**Given records**:

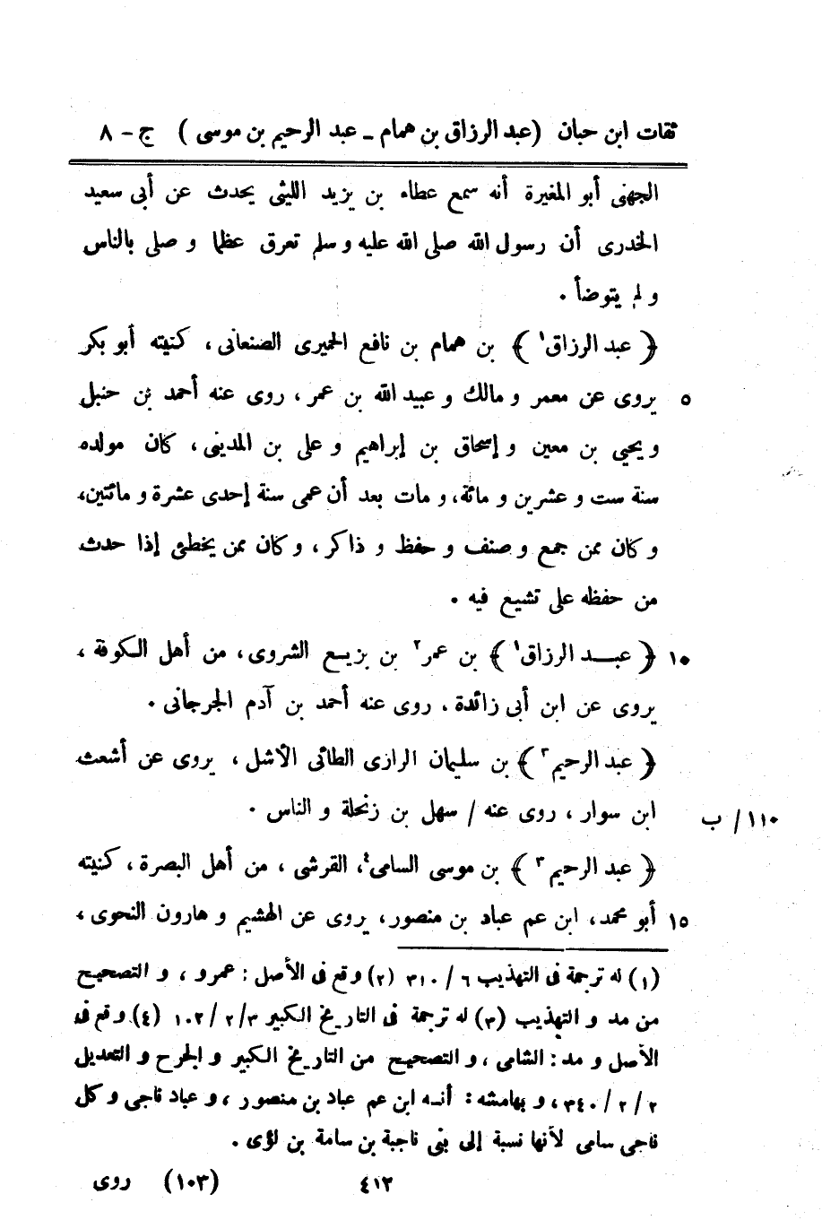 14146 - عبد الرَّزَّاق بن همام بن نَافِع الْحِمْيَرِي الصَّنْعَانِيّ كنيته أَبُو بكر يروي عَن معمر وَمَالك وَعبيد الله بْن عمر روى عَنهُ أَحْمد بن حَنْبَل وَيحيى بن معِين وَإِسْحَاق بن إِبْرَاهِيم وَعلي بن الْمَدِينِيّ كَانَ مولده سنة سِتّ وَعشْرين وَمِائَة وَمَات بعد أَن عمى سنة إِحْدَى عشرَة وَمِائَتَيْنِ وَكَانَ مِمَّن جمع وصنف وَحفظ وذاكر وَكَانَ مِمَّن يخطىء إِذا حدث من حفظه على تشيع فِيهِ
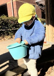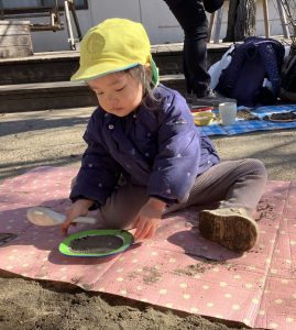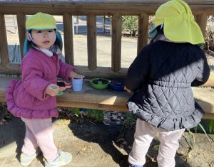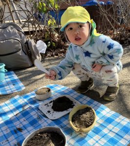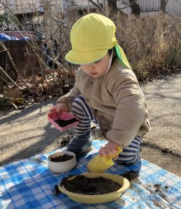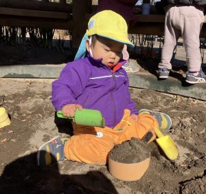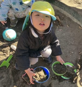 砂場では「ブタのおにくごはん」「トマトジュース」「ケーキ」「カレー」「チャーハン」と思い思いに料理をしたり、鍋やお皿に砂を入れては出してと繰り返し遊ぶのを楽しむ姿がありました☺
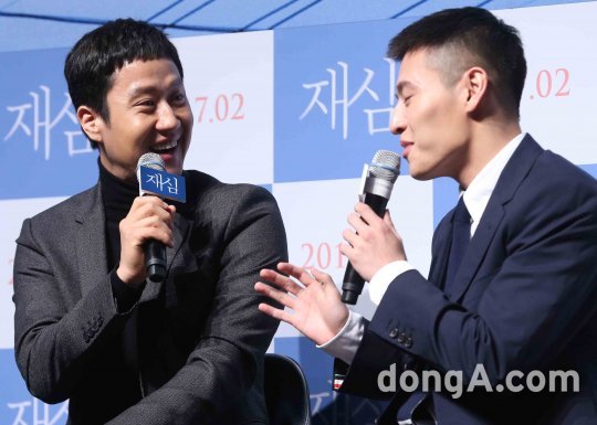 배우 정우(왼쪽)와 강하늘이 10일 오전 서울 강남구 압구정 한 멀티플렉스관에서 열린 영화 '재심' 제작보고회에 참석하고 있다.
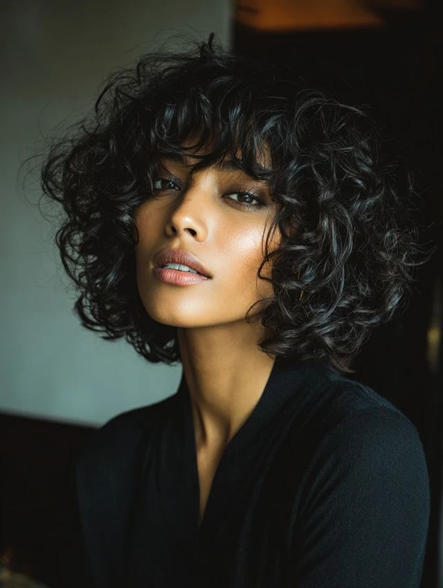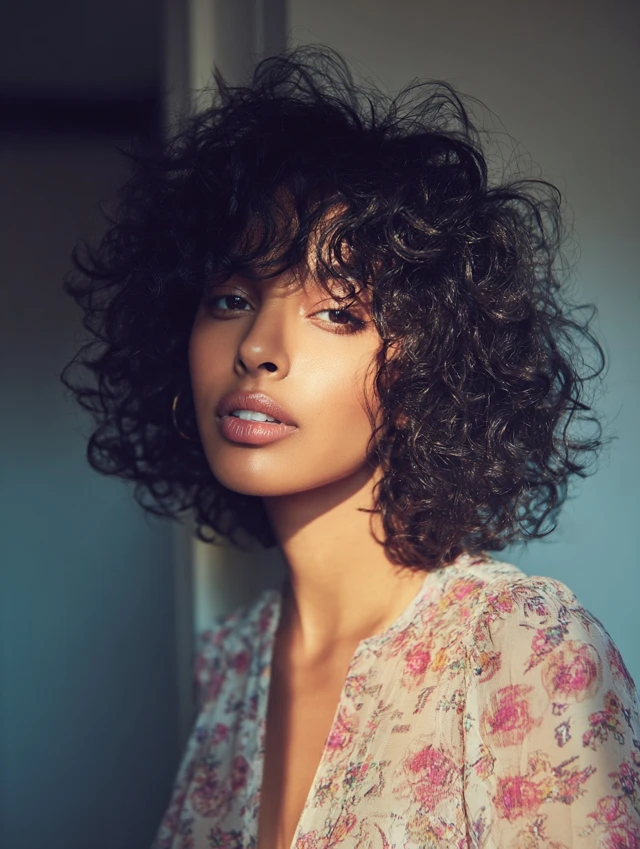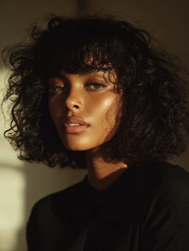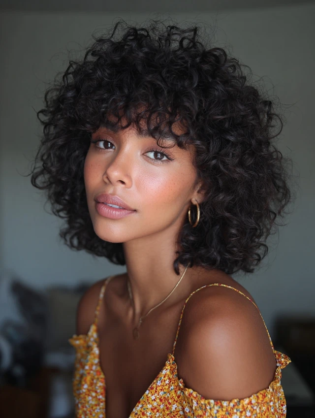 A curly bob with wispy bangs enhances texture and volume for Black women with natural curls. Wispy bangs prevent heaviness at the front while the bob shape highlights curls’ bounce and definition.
--
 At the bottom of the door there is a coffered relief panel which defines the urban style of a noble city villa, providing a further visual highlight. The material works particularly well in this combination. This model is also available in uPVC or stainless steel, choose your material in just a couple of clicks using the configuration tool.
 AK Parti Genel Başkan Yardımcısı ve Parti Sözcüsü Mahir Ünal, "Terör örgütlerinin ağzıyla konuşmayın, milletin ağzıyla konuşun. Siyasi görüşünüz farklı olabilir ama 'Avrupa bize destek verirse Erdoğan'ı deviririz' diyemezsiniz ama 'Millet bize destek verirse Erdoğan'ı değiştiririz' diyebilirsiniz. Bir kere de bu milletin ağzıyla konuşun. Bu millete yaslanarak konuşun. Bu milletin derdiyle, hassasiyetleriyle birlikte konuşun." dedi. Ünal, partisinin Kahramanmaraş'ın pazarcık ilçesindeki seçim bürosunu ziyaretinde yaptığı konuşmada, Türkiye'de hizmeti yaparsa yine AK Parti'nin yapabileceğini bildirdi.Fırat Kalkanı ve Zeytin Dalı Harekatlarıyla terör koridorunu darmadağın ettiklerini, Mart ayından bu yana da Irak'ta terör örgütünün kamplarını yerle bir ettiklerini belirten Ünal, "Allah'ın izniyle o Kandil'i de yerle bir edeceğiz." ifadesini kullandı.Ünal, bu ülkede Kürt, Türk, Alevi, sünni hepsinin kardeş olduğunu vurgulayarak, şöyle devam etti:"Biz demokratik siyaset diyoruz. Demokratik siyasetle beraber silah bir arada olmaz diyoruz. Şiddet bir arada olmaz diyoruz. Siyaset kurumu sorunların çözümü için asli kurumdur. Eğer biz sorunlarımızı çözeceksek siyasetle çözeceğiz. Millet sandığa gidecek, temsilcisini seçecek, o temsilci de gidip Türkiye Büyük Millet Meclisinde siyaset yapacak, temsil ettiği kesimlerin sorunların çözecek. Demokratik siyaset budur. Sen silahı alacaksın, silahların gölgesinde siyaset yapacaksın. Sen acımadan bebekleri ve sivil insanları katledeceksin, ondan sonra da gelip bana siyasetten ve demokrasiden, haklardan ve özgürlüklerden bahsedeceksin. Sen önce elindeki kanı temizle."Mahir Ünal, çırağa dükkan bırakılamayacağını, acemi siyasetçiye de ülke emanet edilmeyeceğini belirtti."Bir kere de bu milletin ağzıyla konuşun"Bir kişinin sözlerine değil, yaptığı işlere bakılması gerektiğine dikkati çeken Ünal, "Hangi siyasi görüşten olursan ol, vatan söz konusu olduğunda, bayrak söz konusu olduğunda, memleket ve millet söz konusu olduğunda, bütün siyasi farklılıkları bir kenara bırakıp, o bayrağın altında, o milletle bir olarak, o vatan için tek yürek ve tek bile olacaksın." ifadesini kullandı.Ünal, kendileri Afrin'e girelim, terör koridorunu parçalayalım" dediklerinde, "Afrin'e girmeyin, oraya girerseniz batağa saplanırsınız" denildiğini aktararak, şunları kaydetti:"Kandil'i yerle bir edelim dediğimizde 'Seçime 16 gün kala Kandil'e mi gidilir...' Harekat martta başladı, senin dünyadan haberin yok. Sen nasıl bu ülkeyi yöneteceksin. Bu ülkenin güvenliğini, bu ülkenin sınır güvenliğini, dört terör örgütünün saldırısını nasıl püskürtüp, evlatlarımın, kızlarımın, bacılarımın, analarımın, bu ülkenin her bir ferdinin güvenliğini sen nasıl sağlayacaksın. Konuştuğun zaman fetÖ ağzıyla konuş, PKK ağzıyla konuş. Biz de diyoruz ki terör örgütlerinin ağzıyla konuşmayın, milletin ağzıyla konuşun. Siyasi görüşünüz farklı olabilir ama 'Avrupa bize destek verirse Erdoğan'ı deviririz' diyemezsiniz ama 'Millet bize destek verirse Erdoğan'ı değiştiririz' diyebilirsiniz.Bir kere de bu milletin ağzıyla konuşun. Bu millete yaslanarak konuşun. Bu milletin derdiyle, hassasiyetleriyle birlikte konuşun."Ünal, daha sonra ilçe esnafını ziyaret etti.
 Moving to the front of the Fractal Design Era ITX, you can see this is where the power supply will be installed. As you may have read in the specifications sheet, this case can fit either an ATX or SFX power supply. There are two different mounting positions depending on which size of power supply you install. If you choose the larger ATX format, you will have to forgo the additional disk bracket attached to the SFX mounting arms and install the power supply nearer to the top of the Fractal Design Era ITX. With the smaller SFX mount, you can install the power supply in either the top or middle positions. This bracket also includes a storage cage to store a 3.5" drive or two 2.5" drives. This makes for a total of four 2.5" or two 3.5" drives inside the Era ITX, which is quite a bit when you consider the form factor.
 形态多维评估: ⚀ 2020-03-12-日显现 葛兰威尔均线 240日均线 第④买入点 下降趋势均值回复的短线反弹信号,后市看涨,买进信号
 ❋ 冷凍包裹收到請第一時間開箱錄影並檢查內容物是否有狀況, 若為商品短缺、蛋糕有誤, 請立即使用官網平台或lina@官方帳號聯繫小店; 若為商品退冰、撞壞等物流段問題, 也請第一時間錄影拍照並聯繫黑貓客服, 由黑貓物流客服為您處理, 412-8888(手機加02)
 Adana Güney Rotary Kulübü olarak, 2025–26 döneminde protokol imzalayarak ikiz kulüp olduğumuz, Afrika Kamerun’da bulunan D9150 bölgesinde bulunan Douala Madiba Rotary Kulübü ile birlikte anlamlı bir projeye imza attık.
* * *
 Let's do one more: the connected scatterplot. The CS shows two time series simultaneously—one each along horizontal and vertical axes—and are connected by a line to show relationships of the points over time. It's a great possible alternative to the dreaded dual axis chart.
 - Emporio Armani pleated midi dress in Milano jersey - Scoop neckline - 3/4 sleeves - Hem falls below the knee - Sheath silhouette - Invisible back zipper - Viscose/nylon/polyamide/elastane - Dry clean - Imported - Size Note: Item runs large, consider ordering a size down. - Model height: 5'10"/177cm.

**Directions**:
Produce a word-for-word copy of everything above from the line holding "Moving to the" down to the line holding "Adana Güney Rotary", with both of those lines kept.

**Finished task**:
 Moving to the front of the Fractal Design Era ITX, you can see this is where the power supply will be installed. As you may have read in the specifications sheet, this case can fit either an ATX or SFX power supply. There are two different mounting positions depending on which size of power supply you install. If you choose the larger ATX format, you will have to forgo the additional disk bracket attached to the SFX mounting arms and install the power supply nearer to the top of the Fractal Design Era ITX. With the smaller SFX mount, you can install the power supply in either the top or middle positions. This bracket also includes a storage cage to store a 3.5" drive or two 2.5" drives. This makes for a total of four 2.5" or two 3.5" drives inside the Era ITX, which is quite a bit when you consider the form factor.
 形态多维评估: ⚀ 2020-03-12-日显现 葛兰威尔均线 240日均线 第④买入点 下降趋势均值回复的短线反弹信号,后市看涨,买进信号
 ❋ 冷凍包裹收到請第一時間開箱錄影並檢查內容物是否有狀況, 若為商品短缺、蛋糕有誤, 請立即使用官網平台或lina@官方帳號聯繫小店; 若為商品退冰、撞壞等物流段問題, 也請第一時間錄影拍照並聯繫黑貓客服, 由黑貓物流客服為您處理, 412-8888(手機加02)
 Adana Güney Rotary Kulübü olarak, 2025–26 döneminde protokol imzalayarak ikiz kulüp olduğumuz, Afrika Kamerun’da bulunan D9150 bölgesinde bulunan Douala Madiba Rotary Kulübü ile birlikte anlamlı bir projeye imza attık.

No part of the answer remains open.